Centre for Scholarship and Innovation
We propose the development of OELAssist, a comprehensive system designed to revolutionise the student experience within the Open Engineering Lab (OEL) by addressing challenges faced by students during experiments. The primary issue we intend to investigate, and resolve is the occurrence of difficulties that hinder successful experiment completion, leading to attainment gaps and potential attrition.
The primary objectives of this project are to reduce attainment gaps, increase student retention, and promote progression for students engaging with OEL modules.
Our approach consists of two integral stages. In the first stage, we will collect and analyse data on student interactions with an experiment to identify when and where problems arise. Leveraging machine learning techniques, we will create sequential rules to establish a baseline for successful experiment completion. This initial phase is crucial for understanding student behaviour and challenges.
In the second stage, we will develop a system to detect issues in real-time and provide timely feedback to students. This feedback will not only indicate where students went off course but also offer remedial advice, supplemented with relevant theory and instructional materials. To achieve this, we will employ generative AI models, tailored to the course content and domain knowledge.

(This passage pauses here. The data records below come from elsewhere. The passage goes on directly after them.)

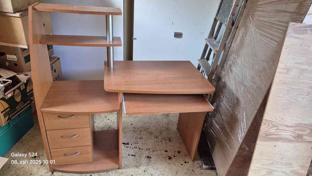 Zachovalý stolek pod počítač se zásuvkami, výsuvnou pracovní deskou
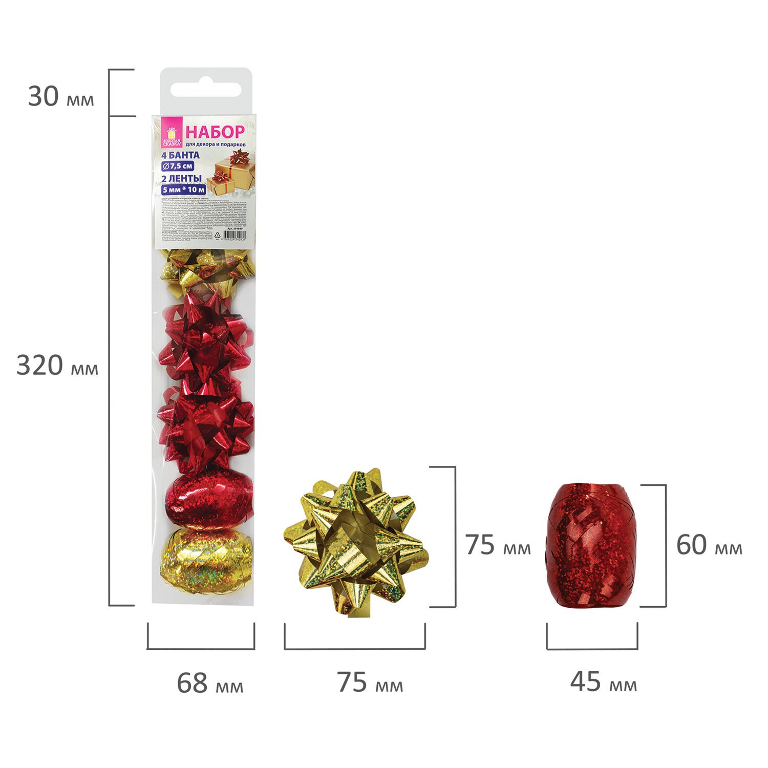 Набор состоит из 2-х лент шириной 5 мм и длиной 10 м каждая, а также из 4-х бантов-звезд диаметром 7,5 см. Товар представлен в 2-х цветах с голографическим эффектом: красном и золотистом. Ленты и банты выполнены из прочного полипропилена (70%), полиэтилена (15%) и полиэтилентерефталата (15%). Банты являются самоклеящимися. Для того, чтобы прикрепить бантик, необходимо отклеить стикер с обратной стороны банта по линии перфорации и плотно прижать бант к поверхности. Набор упакован в ПВХ-коробку.
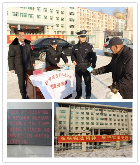 除了举行宪法宣誓仪式和开放日活动外,滴道法院还组织了一系列与弘扬宪法精神相关的活动,包括设立法律咨询服务台为辖区居民提供法律咨询,向居民发放法律宣传单及普法知识手册,在街道悬挂宪法日主题为“弘扬宪法精神,维护宪法权威”的横幅、在电子屏幕滚动播放宪法宣誓词等。
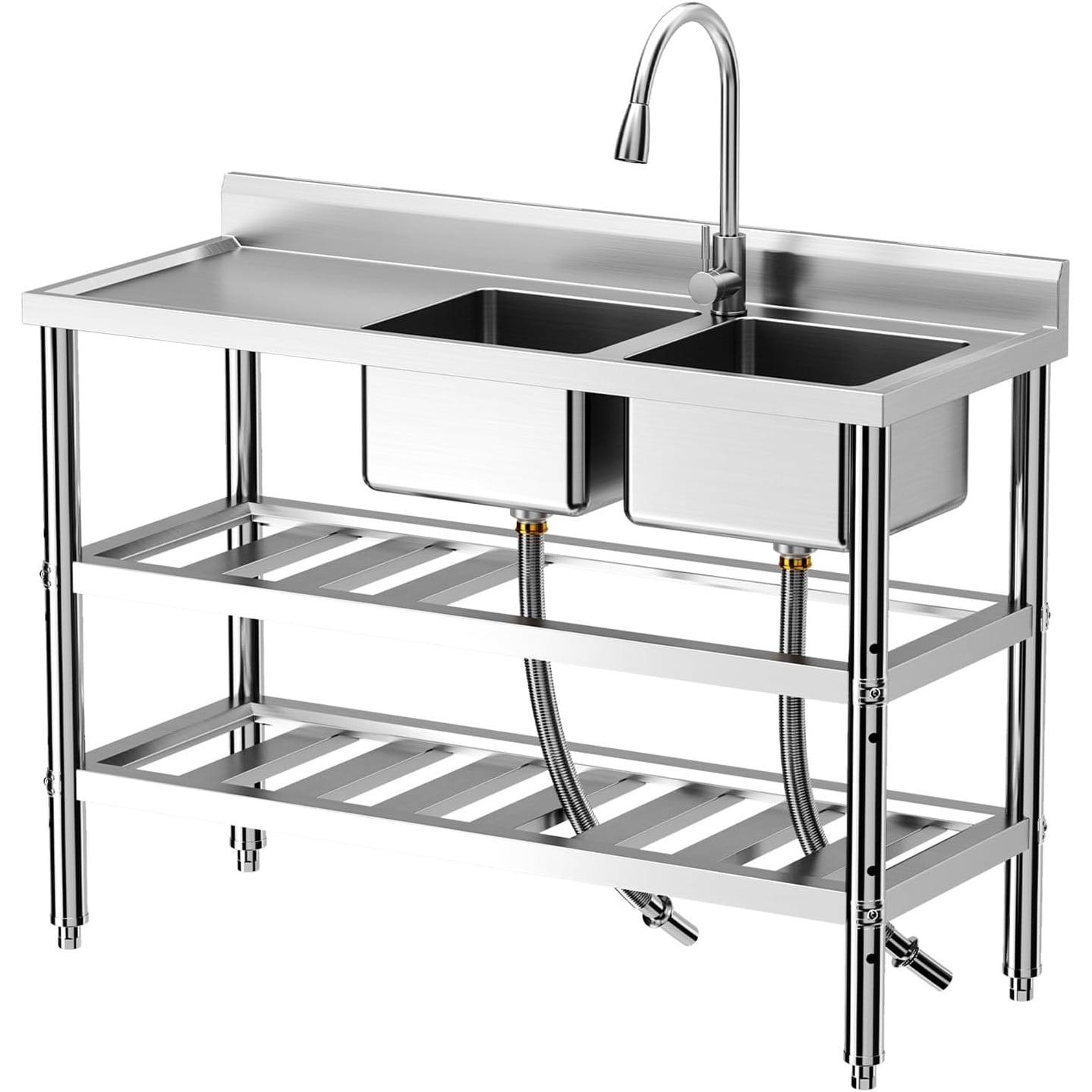 Zstar 47" Double Bowl Sink With Faucet & Shelves
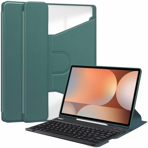 • Беспроводная клавиатура примагничивается к чехлу. Вы также можете отсоединить ее и использовать в отдалении от устройства либо привязать ее по Bluetooth как к компьютеру, так и к телефону. Радиус действия - до 10 метров
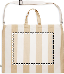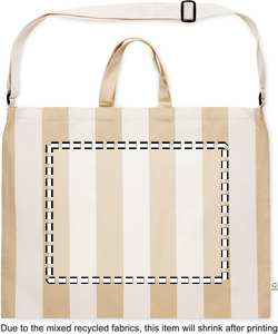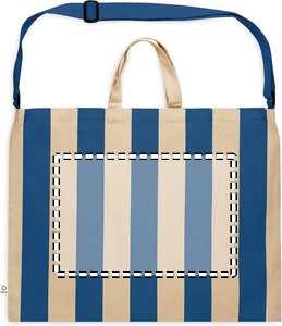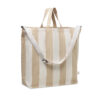 Ekstra stor stribet strandtaske i 280 gr/m² genanvendt bomuld (80 %) og genanvendt polyester (20 %) med inderlomme. Korte håndtag og en stor, justerbar skulderrem.
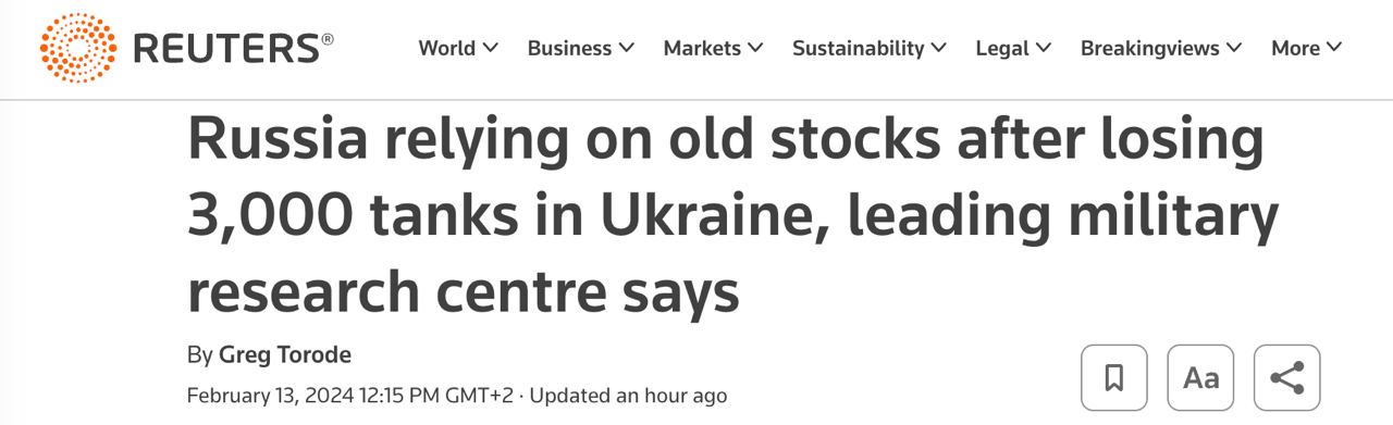 По данным аналитиков, РФ потеряла более 3000 танков за время вторжения в Украину, что эквивалентно всему ее довоенному действующему арсеналу.
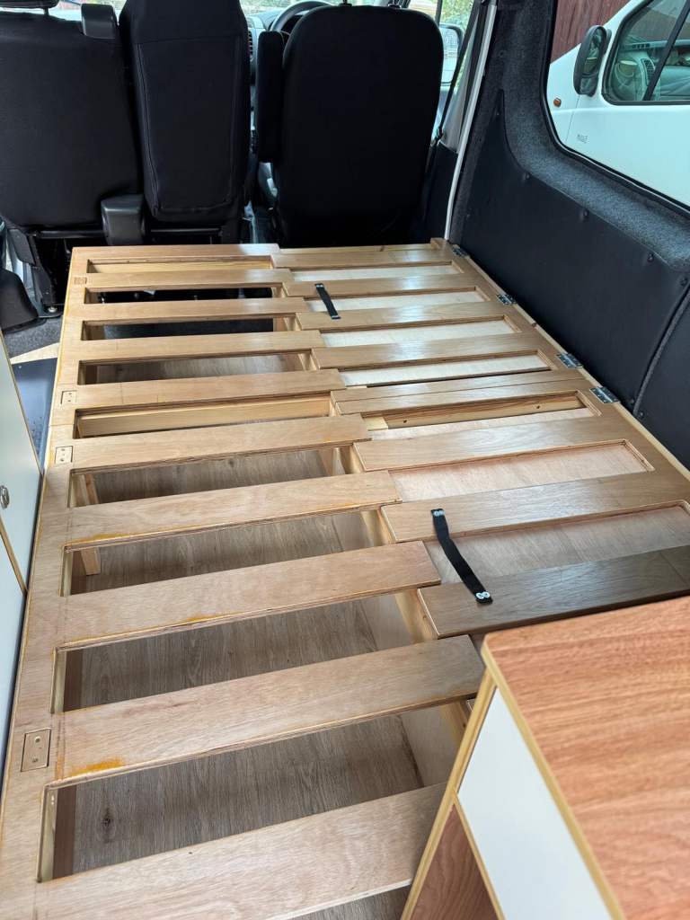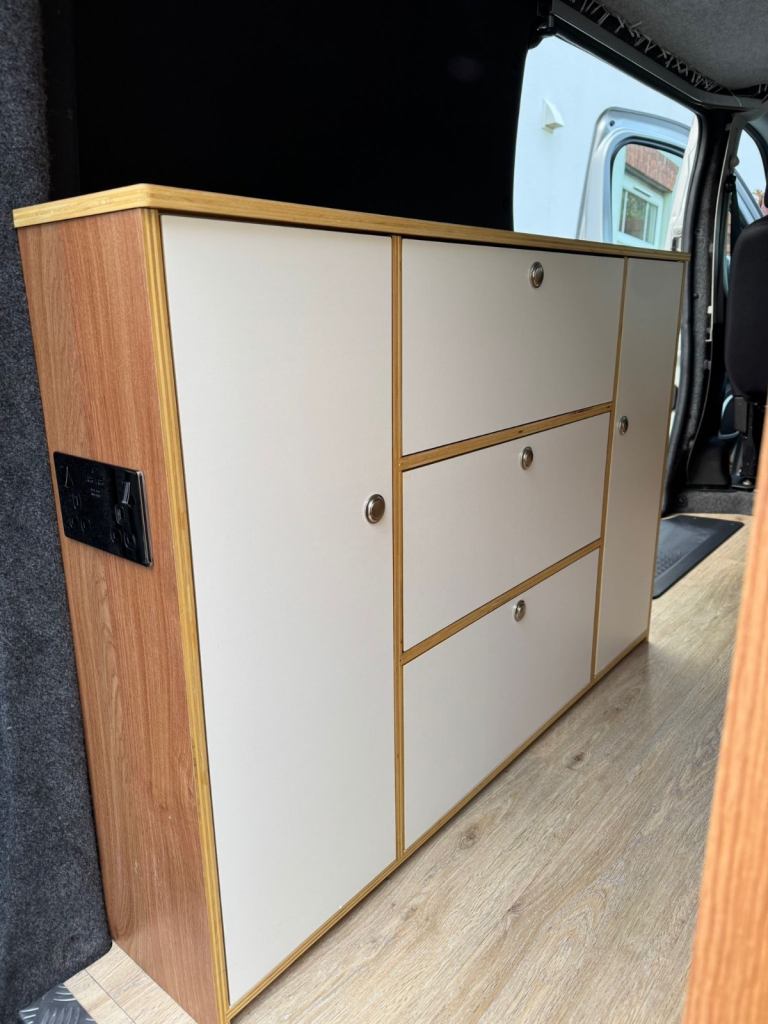Campervan Conversion Storage cabinet, Kitchen Pod/Unit, and sliding pull out bed Custom made with Vohringer Laminated lightweight 15mm furniture Ply, High quality birch ply in mid oak and cream, very strong and tough.
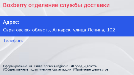 Boxberry, отделение службы доставки по адресу Саратовская область, Аткарск, улица Ленина, 102 в дальнейшем Организация, размещена в следующих категориях:
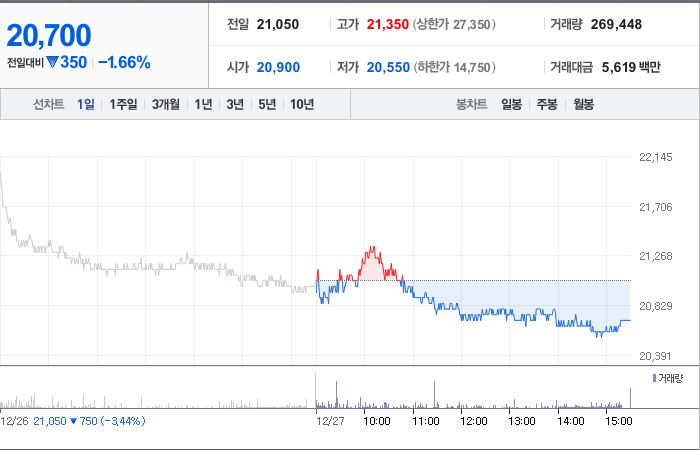 현재 동진쎄미켐의 주가는 21,050원으로, 전일 대비 750원이 하락한 상태입니다. 주주 현황을 살펴보면, 동진홀딩스와 그 외 4인이 총 34.97%의 지분을 보유하고 있습니다. 동진쎄미켐은 반도체 및 관련 장비를 다루는 기업으로, 장중 주가는 21,050원입니다. 이 회사의 시가 총액은 1조643억 원이며, 발행된 주식 수는 51,414,494주입니다. 외국인 보유 비율은 11.47%이며, 장중 거래량은 267,731주에 달했습니다. 동진쎄미켐의 매출액은 10,478억 원에 이릅니다.
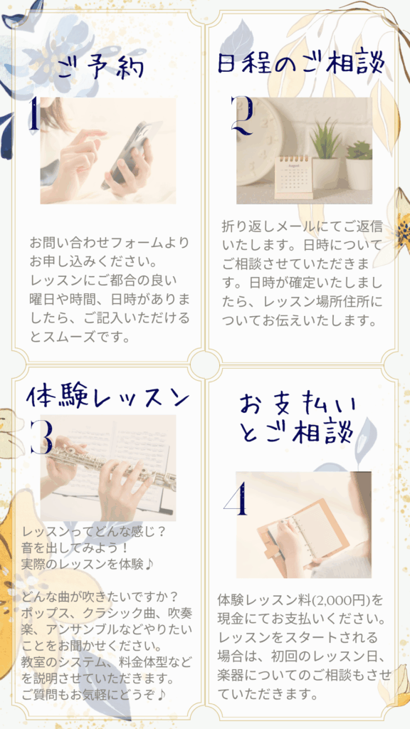 ・持ち物:フルート、筆記用具、お使いの教本や曲集(あれば)
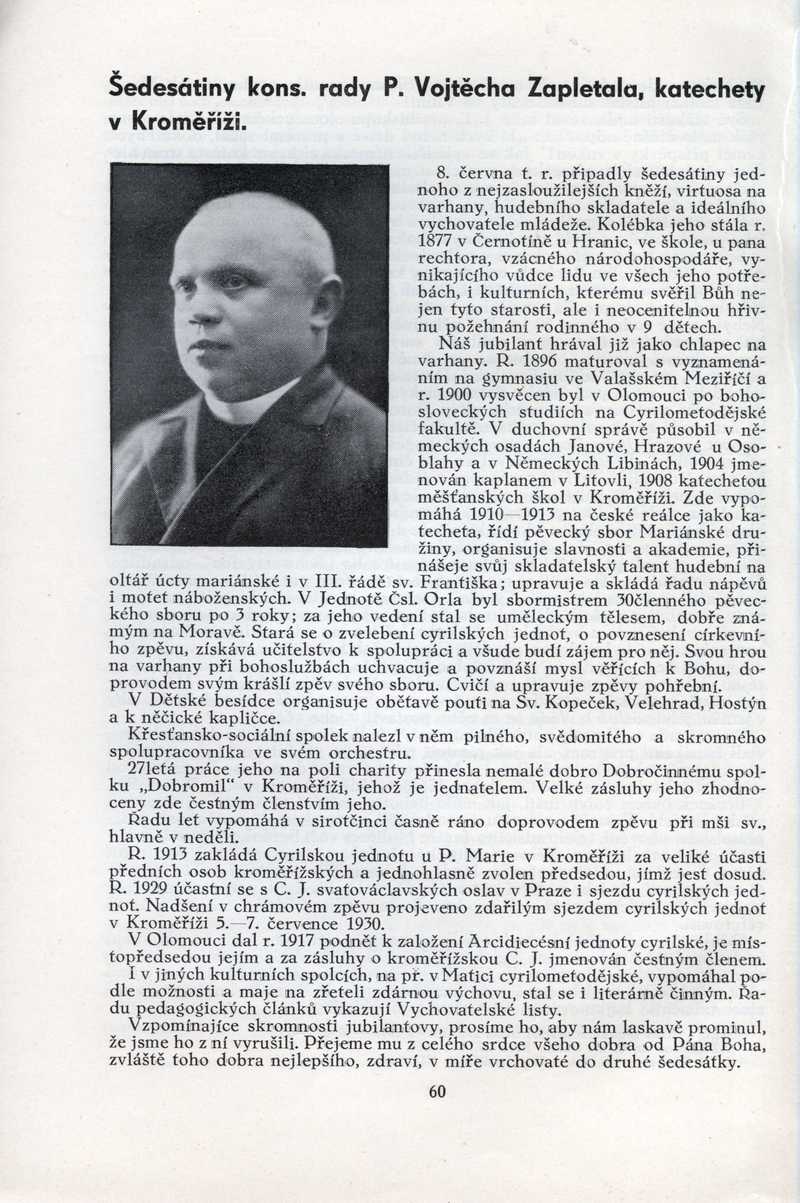 Šedesátiny kons. rady P. V. Zapletala, katechety v Kroměříži Ročník: 1937; strana: 60, Přepis ke stažení ve formátu MS Word [0 kB]
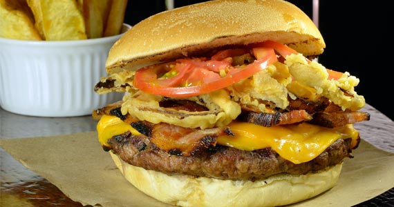 pão, hambúrger, american cheese, bacon artesanal, cebola, ovos mexidos, maionese e onion rings (R$ 29,00-Almoço e Jantar)

Anticipated outcomes include a reduction in attainment gaps, increased student retention, and improved progression rates for those engaging with OEL modules. By offering personalised support, we expect to enhance the learning experience, making it more accessible and rewarding for all students.
The impact of OELAssist on staff and students is significant. For students, it means having access to a robust support system that can identify and address their difficulties promptly. This can boost their confidence, motivation, and ultimately, their success in engineering experiments. For staff, the project offers insights into student challenges and an automated means to provide tailored assistance, thereby improving teaching effectiveness.
The OELAssist project aims to revolutionise the OEL student experience by leveraging data-driven insights and generative AI to address difficulties faced during experiments. The anticipated impact includes increased student success, reduced attainment gaps, and enhanced teaching effectiveness, aligning with eSTEeM's goals of improving STEM education.